Quantitative Real-Time PCR (qRT-PCR)

Total cellular RNA from LAA tissues was extracted using the RNeasy^TM Mini Kit (QIAGEN, Frankfurt, Germany), following the manufacturer's instructions. The Complementary DNA (cDNA) was synthesized by reverse transcription at 42°C for 60 min and then at 95°C for 5 min with the PrimeScript^TM RT reagent Kit (Takara, Otsu, Japan). TB Green^® Premix Ex Taq^TM II (Takara, Otsu, Japan) was applied to perform qRT-PCR at the temperature of 95°C for 30 seconds, followed by 40 cycles with the temperature of 95°C for 5 seconds and 60°C for 34 seconds on QuantStudio^TM 5 System (Thermo Fisher Scientific, Waltham, MA, USA). The expression of RNA levels was normalized by GAPDH, and the 2^−ΔΔCT method was applied to calculate the relative expression with three independent repeats.
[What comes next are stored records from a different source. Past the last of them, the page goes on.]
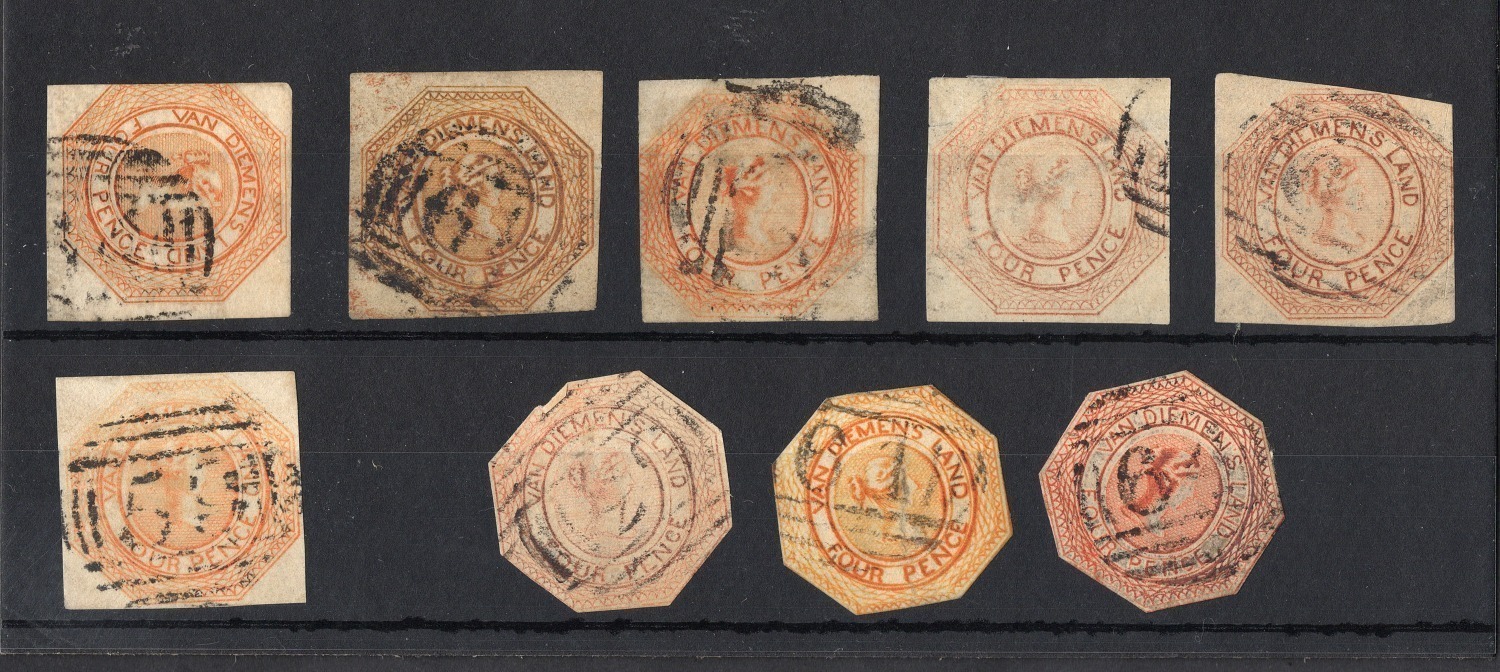 1853-54 4d Orange "Couriers", various shades and printings, (9, of which 6 are cut square and 3 are cut-to-shape) Used.
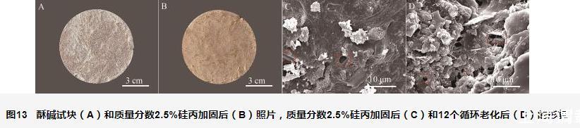 酥堿試塊(圖13A)經(jīng)硅丙乳液修復(fù)后再進(jìn)行濕熱老化12個(gè)循環(huán),肉眼觀察發(fā)現(xiàn)加固后的試塊(圖13B)表面無(wú)酥堿等病害。此外,對(duì)加固后以及12次循環(huán)老化后的試塊進(jìn)行SEM分析。從圖13C可以看出,修復(fù)加固后試塊內(nèi)部能看到明顯的成膜現(xiàn)象,說(shuō)明硅丙乳液滲透加固性較好;而老化12個(gè)循環(huán)后(圖13D),成膜現(xiàn)象仍然存在,進(jìn)一步證明硅丙乳液具有較強(qiáng)的收縮性和耐老化性。因而可以將其作為性能優(yōu)異的膠結(jié)材料用于酥堿壁畫的修復(fù)中。
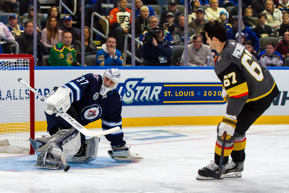 St. Louis’ David Perron was first scoring 14 total points in what was a remarkable start to a unique event. Toronto’s Mitch Marner was next, registering 22 points including two shots which hit the 10-point Gateway Arch target positioned at center ice. Canada’s Mari Philip-Poulin represented the Women’s Elite All-Stars and scored 15 points.
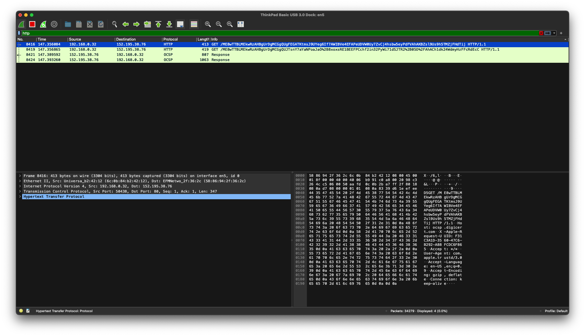위는 HTTP 패킷만 출력되도록 필터를 적용한 것이다.
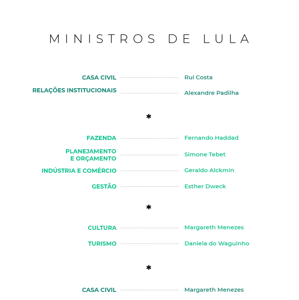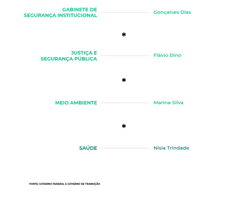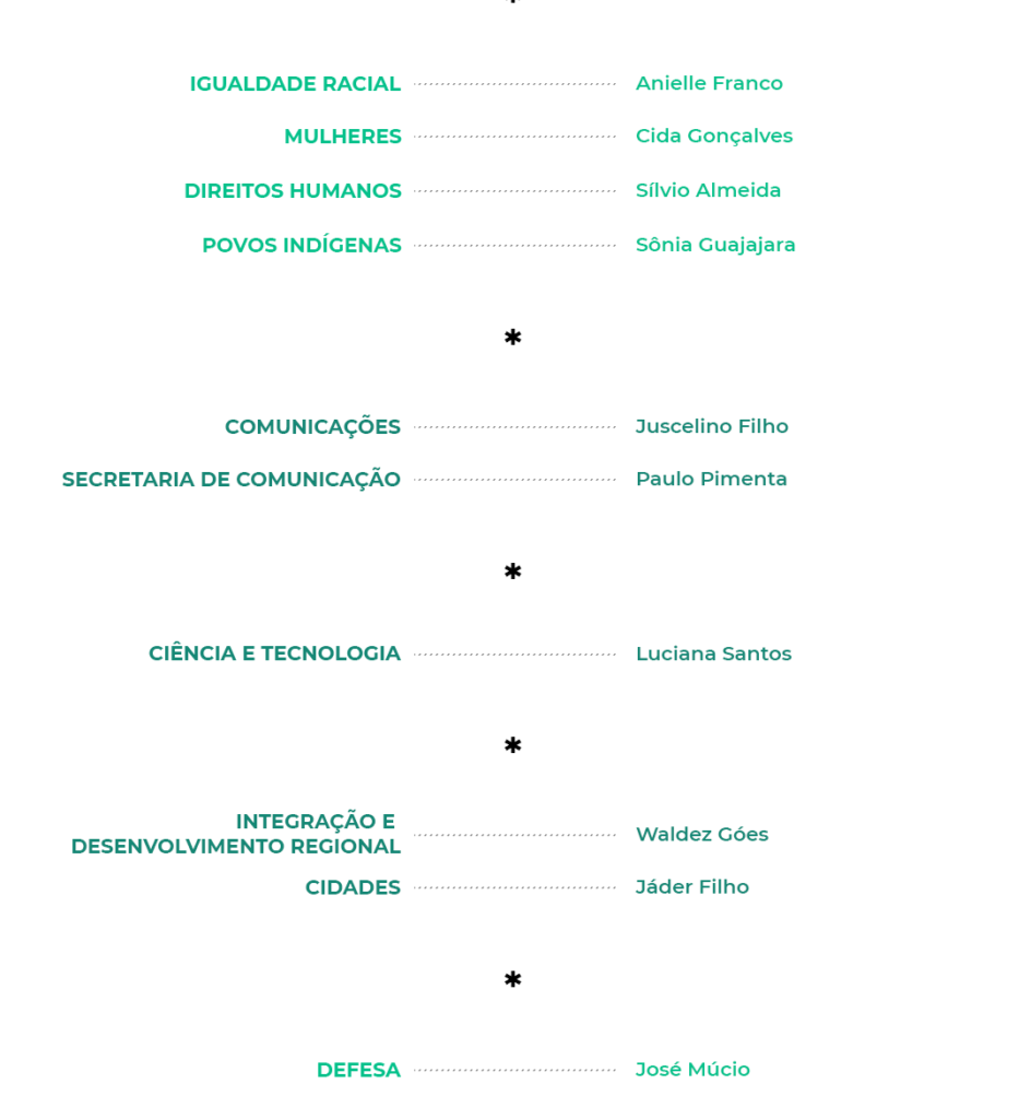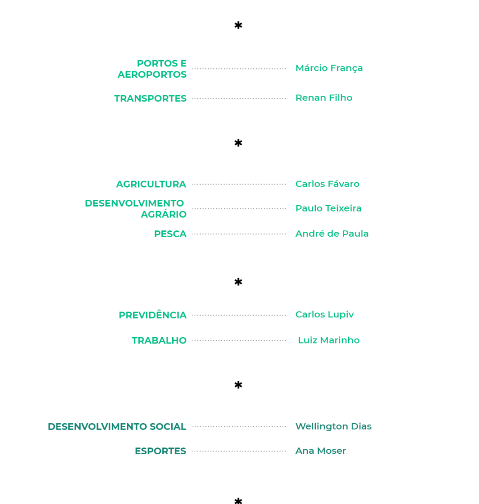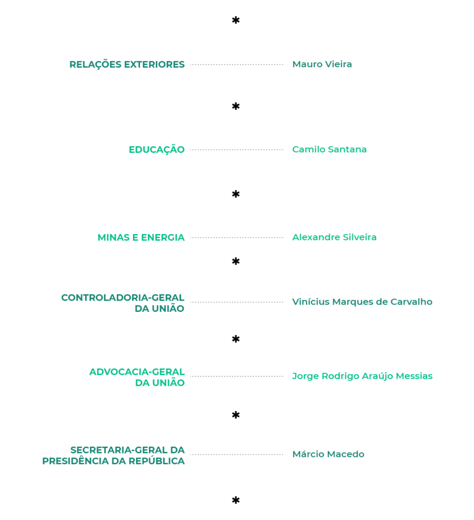 Confira abaixo a relação dos Ministros selecionados pelo novo Governo:
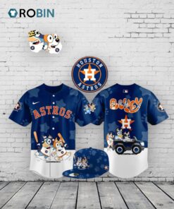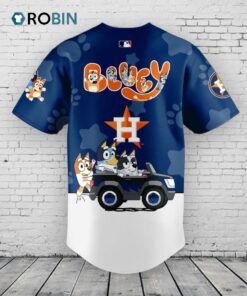 Batter up! Get ready to hit a home run with this adorable Bluey and Bingo inspired baseball jersey. Perfect for young Astros fans and Bluey lovers alike! Show off your team spirit in a fun and unique way. Available now, grab yours before they're gone!
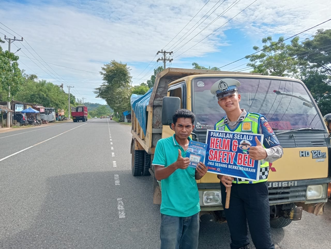 Satlantas Polres Aceh Jaya Himbau Pengguna Jalan Untuk Selalu Memakai Helm dan Safety Belt
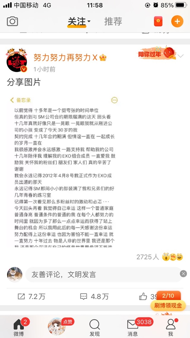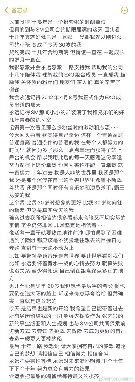 作者转眼EXO出道十周年了,艺兴与SM的合约也到期了。最后合体都没见到呢,就解散了。见证了粉丝名从行星饭到爱丽的蜕变,还有EXO最变动的时期,从刚开始的十二帝国,到如今的九鼎盛世,我从不后悔认识他们,喜欢他们,他们也像我的光一样,不断的把我救赎,我相信我们是互相奔赴的喜欢,也希望我们还有下一个十年! 艺兴的新歌《酒》表达了他对成员们的爱
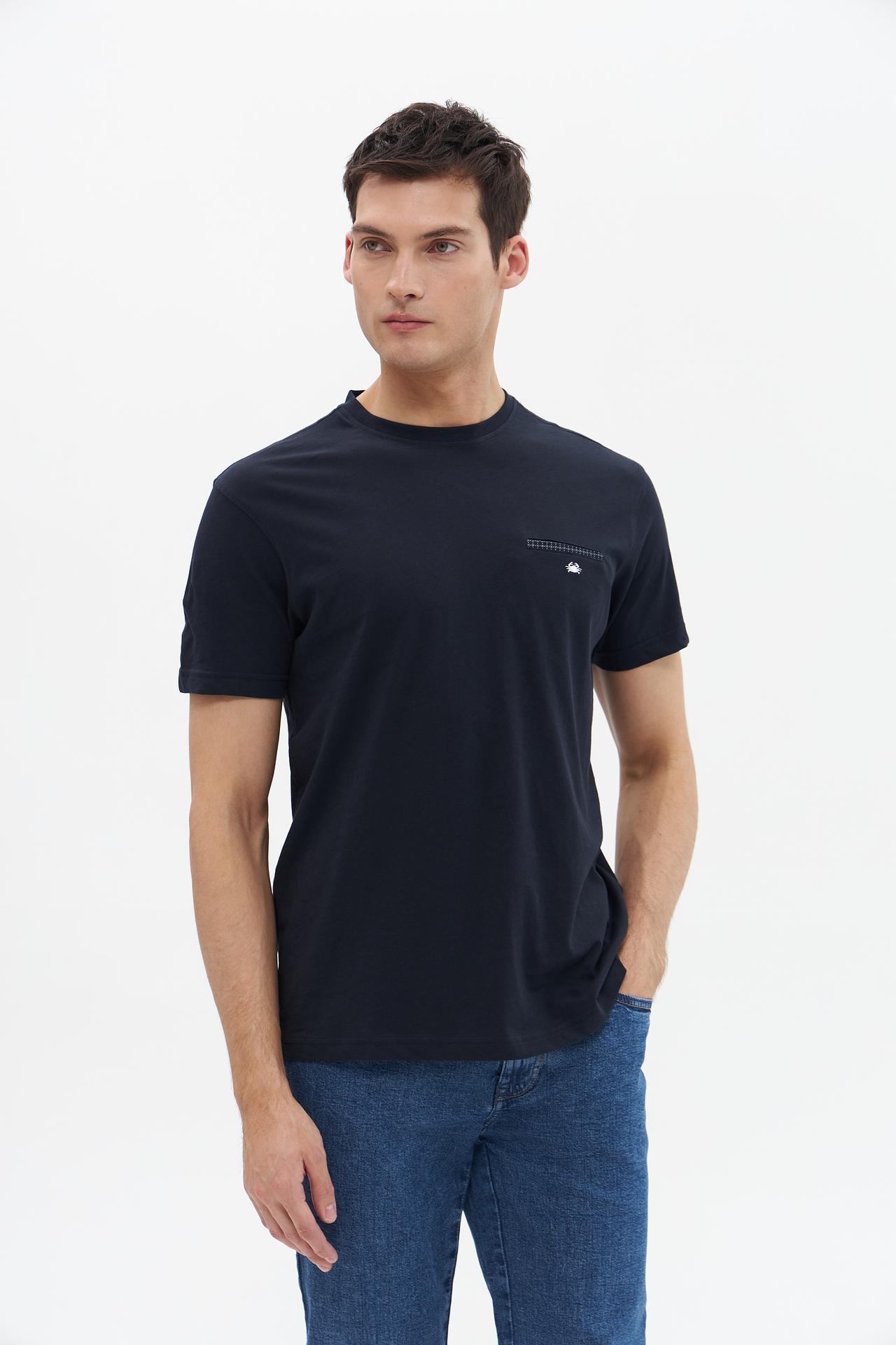 - Стильный дизайн. Декорирована небольшим карманом и вышивкой логотипа, что придает футболке оригинальность.
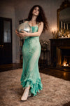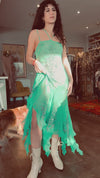 Esmeralda, 90s bias cut chiffon beaded dress with handkerchief silhouette
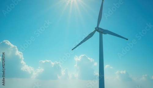 White Wind Turbine Against a Blue Sky and Fluffy Clouds Clean Energy Concept
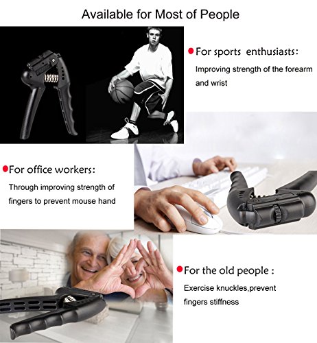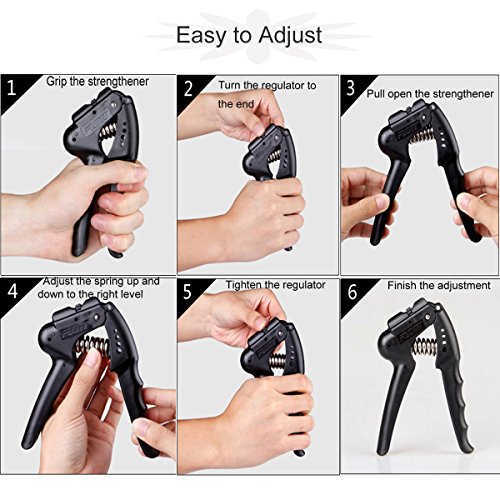 Studio : Webberstore Publisher : Webberstore Binding : Misc. Product Description The Hand Grip Strengthener is Perfect for: - Those required to do physical therapy endurance and strength building exercises.Suffers of arthritis and tendinitis. - Guitar,Piano,Violin,Drum and other instrument player that wants to play more effectively and comfortably. - People that play sports and are looking to increase their hand, wrist and forearm strength. - Anyone who is recovering from any hand, wrist or forearm injury. Great for rehabilitation. - People looking to increase muscle strength in the hands,fingers,wrist and forearms to fix muscle imbalance and avoid injury. Product Features: - High quality stainless steel tension springs provide long lasting durability - Easily adjust resistance levels from 22-70 lbs (10-32 kg) - Comfortable anti-slip handles fit any hand size - Small enough to into a pocket, backpack or gym bag,easy to carry - Anti-slip Handle with Humanized Design Makes It More Comfortable and Safer for Long Time Training - The extra-large spring is made of high tenacity material which is durable and rustless Easy to Use - Grip the strengthener - Turn the regulator to the end - Pull open the strengthener - Adjust the spring up and down to the right level - Tighten the regulator - Finish the adjustment - For sports?enthusiast: Improving strength of the forearm and wrist - For office worker:Through improving strength of fingers to prevent mouse hand - For the old people :Exercise knuckles,prevent fingers stiffness hand grip strengthener strength trainer adjustable resistance
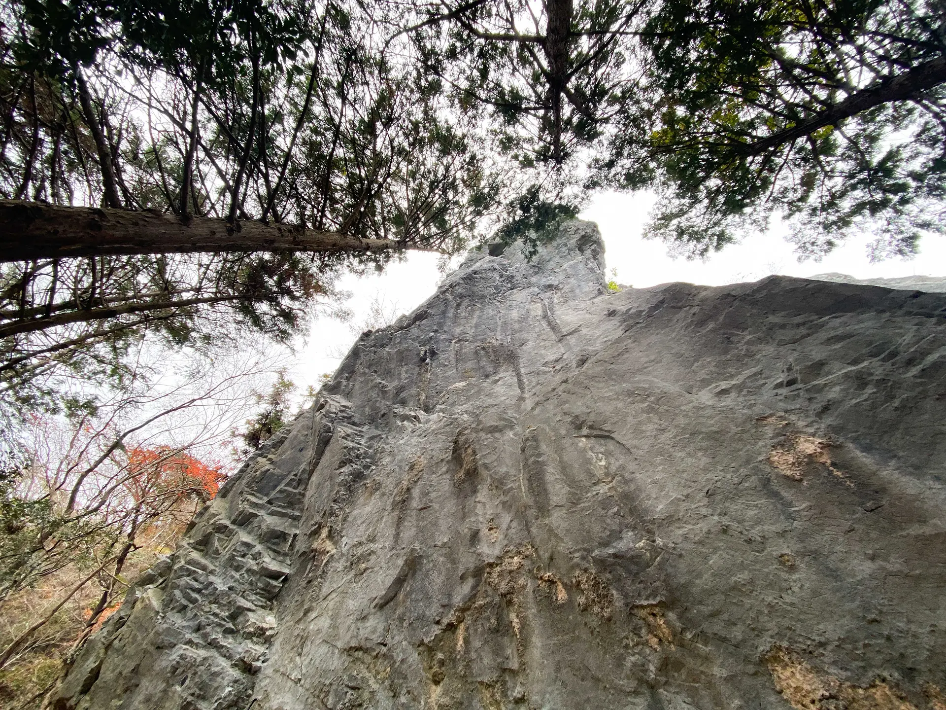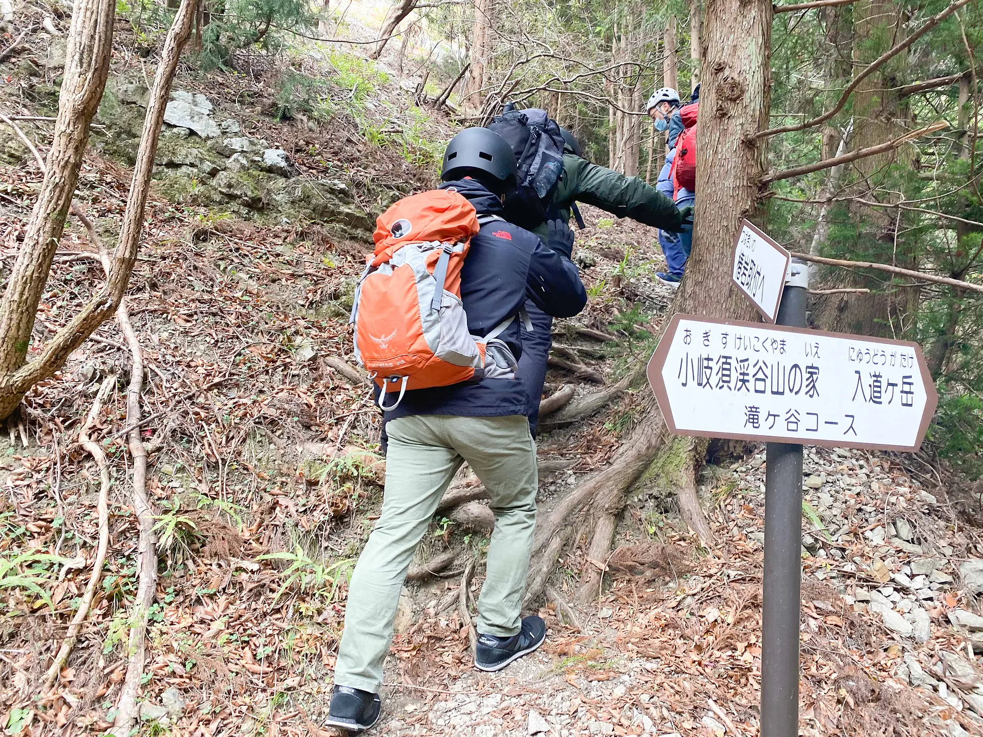 先駆者に感謝の気持ちを抱きつつ、目的地の岩場まで山を登ること15分。最後に、少々急な山道を登り到着!
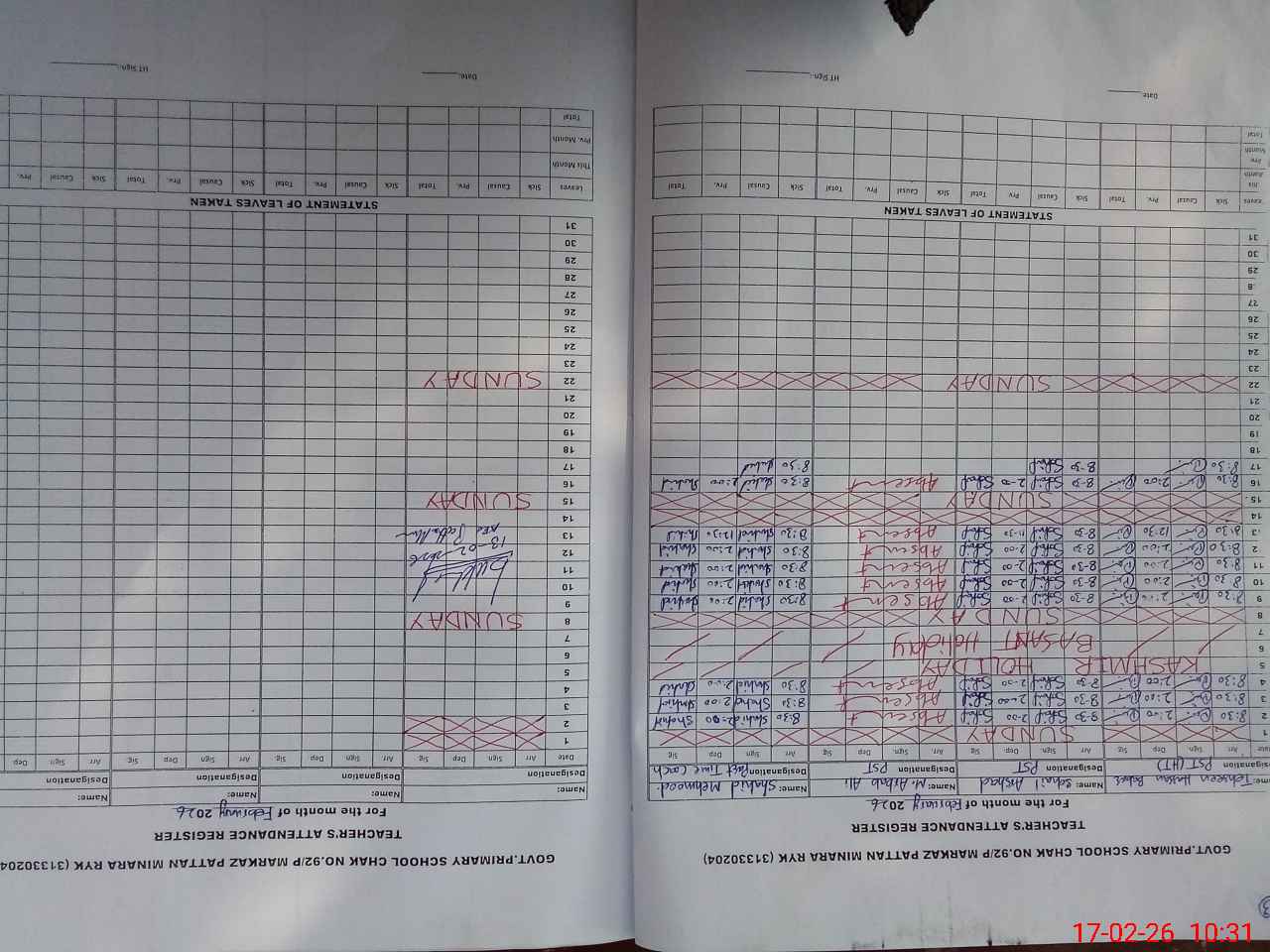 | 31**** | Mu**** Ar**** Al**** | PST Science/Maths | Regular | 0 | 0 | 31 | 0 | 0 | 0 | 0 | 0 | 0 | Absent (Un-Authorized) |
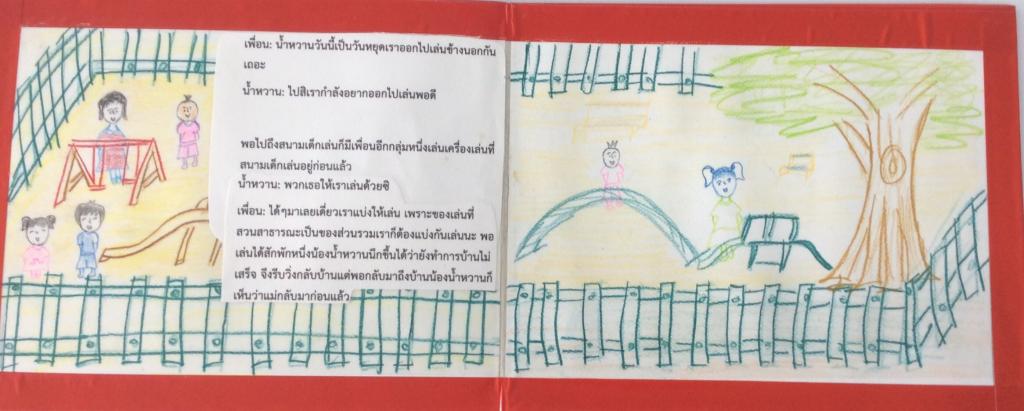 พอไปถึงสนามเด็กเล่นก็มีเพื่อนอีกกลุ่มหนึ่งเล่นเครื่องเล่นสนามอยู่ก่อนแล้ว

All sequences for RNA primers (Sangon Biotech, Shanghai, China) are shown in Table 1.

TABLE 1

Table 1. Lists of primer sequences used for quantitative real-time PCR.

Survival Analysis

Kaplan-Meier survival analysis was performed to calculate the associations between the prognosis of patients, including overall survival (OS), disease-specific survival (DSS), and progression-free interval (PFI) and expression levels of ANXA4 in 33 different cancer types. Hazard ratio (HR) with 95% confidence intervals and p-value were determined using univariate Cox regression analysis and Log-rank test, respectively.

Immune Infiltrating Analysis

The Tumor Immune Evaluation Resource (TIMER) database is a comprehensive resource for systematically analyzing immune infiltrates across diverse cancer types estimated by multiple immune deconvolution methods (20). Spearman correlation analysis was used to estimate the associations between the expression levels of ANXA4 and infiltrating immune scores of B cells, CD4⁺ T cells, CD8⁺ T cells, dendritic cells, macrophages, and neutrophils. The xCell is a webtool based on gene signatures that performs cell type enrichment analysis from gene expression data for immune cell types (21). The correlations between ANXA4 expression levels and different immune cell types were calculated utilizing xCell. Estimation of Stromal and Immune Cells in Malignant Tumor Tissues Using Expression Data (ESTIMATE) was used to predict the purity of a tumor based on infiltration of stromal cells and immunocytes, which was shown in the form of three different scores, including stromal score, immune score, and estimate score (22). The correlation between ANXA4 expression and these three kinds of scores was calculated using the ESTIMATE algorithm. We also examined correlations between common immune checkpoints and ANXA4 expression levels using Spearman's rank correlation test.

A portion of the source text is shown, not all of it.